Immunodeficiency Diseases Immunodeficiency can be divided into two categories: primary immunodeficiency diseases and secondary immunodeficiency diseases. Primary immunodeficiency diseases consist of disorders of the immune system in which the defect is intrinsic to the cells of the immune system. Secondary immunodeficiency diseases consist of disorders of the immune system in which the defect is induced by external factors, such as viruses, malignancy, and drugs. This section is clearly relevant to medical microbiology because the primary immunodeficiency diseases are usually identified first by the type of organism, duration, and frequency of infectious disease.

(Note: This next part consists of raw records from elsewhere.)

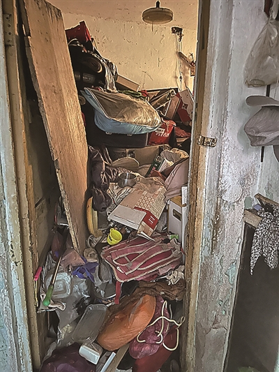 直到下午5时,屋内的杂物仍未清理完毕。“东西太多,今天清理不完,我们明天继续。”此时,工作人员的衣服已被汗水浸湿。
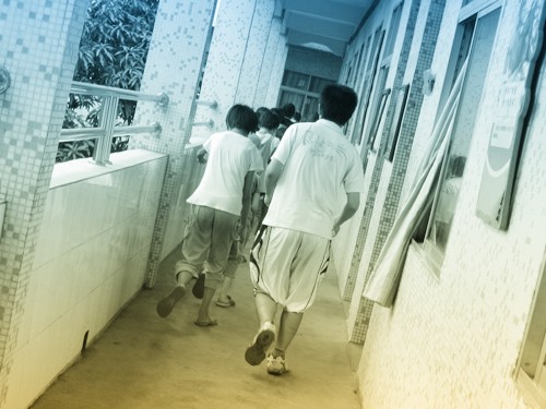 防灾演练中,奔跑着的背影,
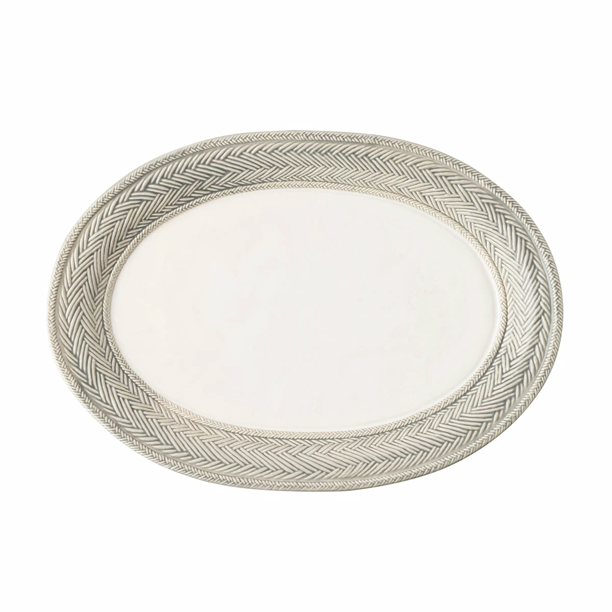 The large scale of this basket-weave motif instantly evokes the bounty of the earth and echoes of its harvest. Richly textural and featuring a handsome, hand-painted grey wash trim, this platter will serve up your superstar dishes with elegant ease.
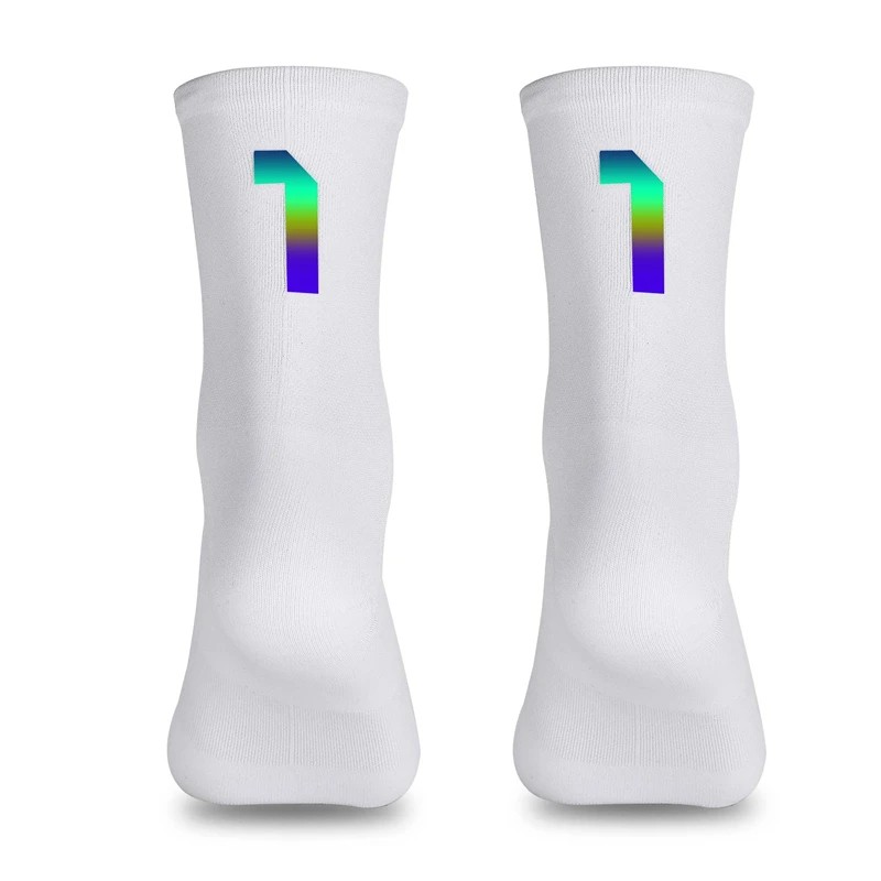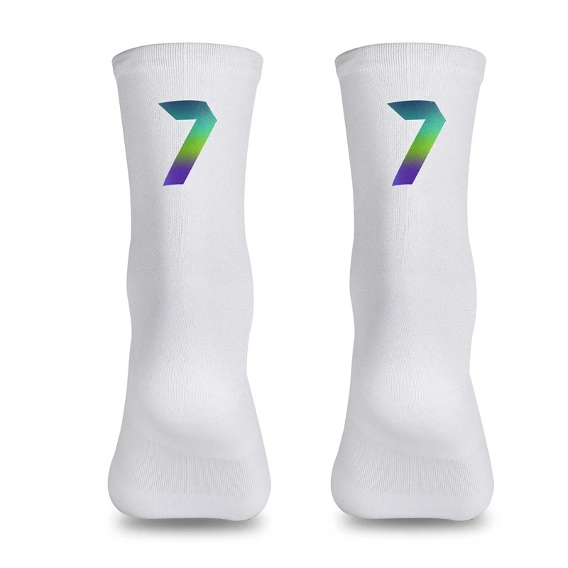 Calze bianche traspiranti di alta qualità per ciclismo, corsa e attività all'aperto. La tecnologia compressiva assicura supporto muscolare e migliori prestazioni sportive. Descrizione completa
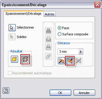 Dans l'onglet Modèle 3D, le groupe de fonctions Surface, lancez la commande Epaississement/Décalage.
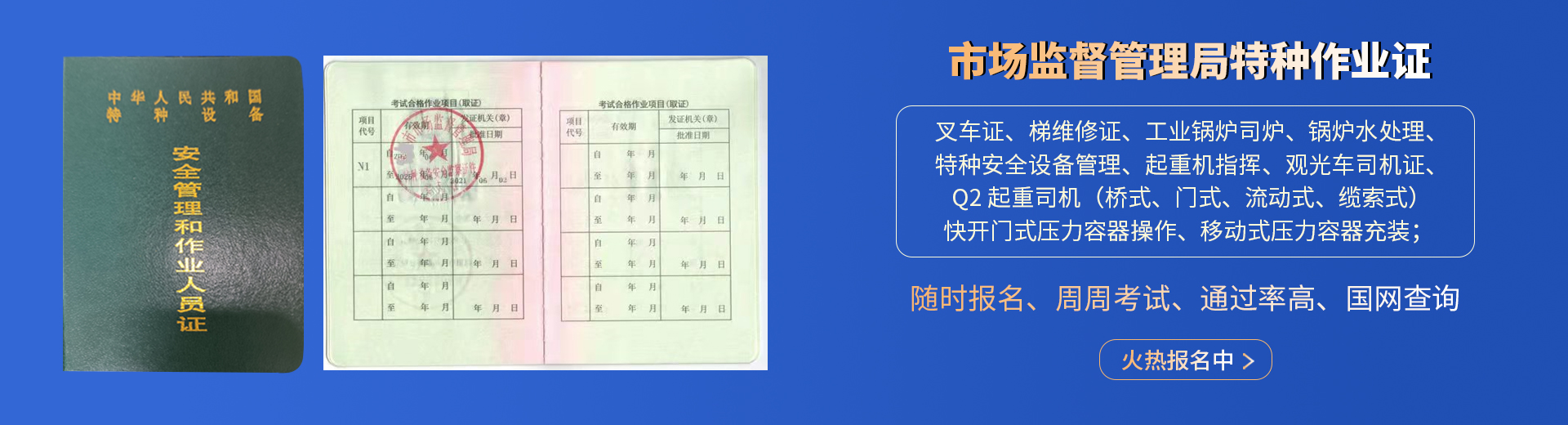叉車(chē)證,電梯維修證,起重司機(jī)-橋式-門(mén)式-流動(dòng)式,起重指揮,壓力容器操作,鍋爐司爐,水處理,特種設(shè)備管理,觀(guān)光車(chē);
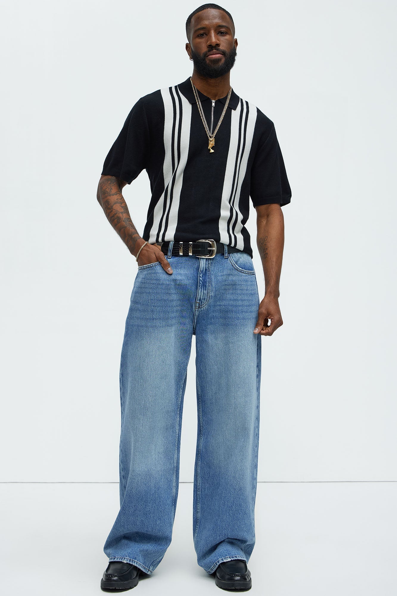 Camden Quarter Zip Sweater Polo Shirt - Black/combo
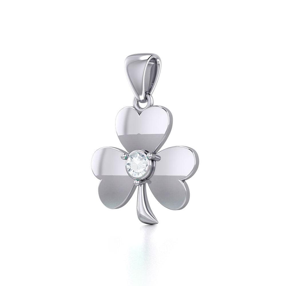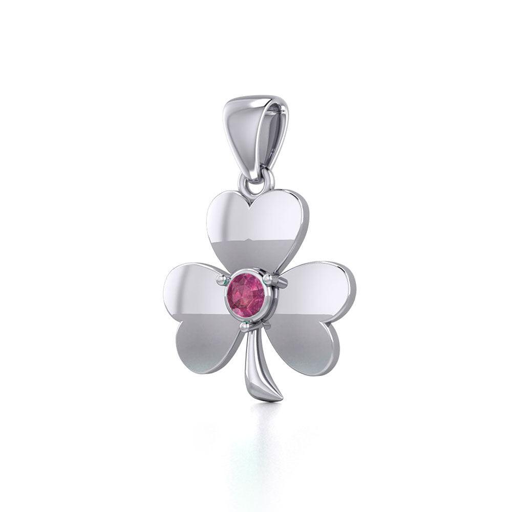 Celtic Shamrock Silver Pendant with Birthstone TP3104

A. Primary Immunodeficiencies

 Primary immunodeficiencies are a heterogenous group of immune system disorders. Most of the primary immunodeficiencies are genetically determined and inherited as a single-gene defect. To date, more than 150 genetically based diseases have been identified. The genetic defect results in the loss of number or function of B cells, T cells, phagocytic cells, complement components, cytokines, or TLRs. Clearly, the loss of these functional elements leads to increased susceptibility to infections. One example is chronic granulomatous disease (CGD), which is an impairment of phagocytic cell function. Patients have normal levels of immunoglobulins, T and B cells, and phagocytic cells. However, the phagocytic cells do not kill microbes due to genetic defect in cytochrome b-558. This leads to a metabolic defect in the ability of phagocytic cells to produce peroxide and superoxide. The phagocytic defect can be identified by using the nitroblue tetrazolium (NBT) test. These cells are unable to efficiently kill some bacteria or fungi, such as, Staphylococcus, E coli, and Aspergillus spp. Unless treated, CGD is usually fatal within the first decade of life. IFN-γ has been shown to restore phagocytic function in these cells. Therefore, in most cases, administration of IFN-γ or bone marrow transplantation are the effective treatments. A second example is severe combined immunodeficiency (SCID). This syndrome is now known to be the final expression of several different genetic defects leading to defects in both B and T cell function. These individuals are susceptible to infection by virtually any microbe, and if untreated, they will die within the first year of life.

B. Secondary Immunodeficiencies

Secondary immunodeficiencies are a major predisposing cause of infection. Secondary immunodeficiency states are associated with infections, malignancies, and drugs.

C. Infections

 Infections can induce immunosuppression in the host. Historically, it is well known that patients infected with EBV and who present with mononucleosis have a depressed DTH skin test for TB and other antigens. This negative skin test indicates a depressed T cell response. Analysis of EBV replication has revealed a possible mechanism for this immunosuppression. Interestingly, the EBV genome codes for a human IL-10 analog. IL-10 is an immunosuppressive cytokine that inhibits Th1 cells from proliferating and producing cytokines, such as IFN-γ. This may account for the negative DTH skin test.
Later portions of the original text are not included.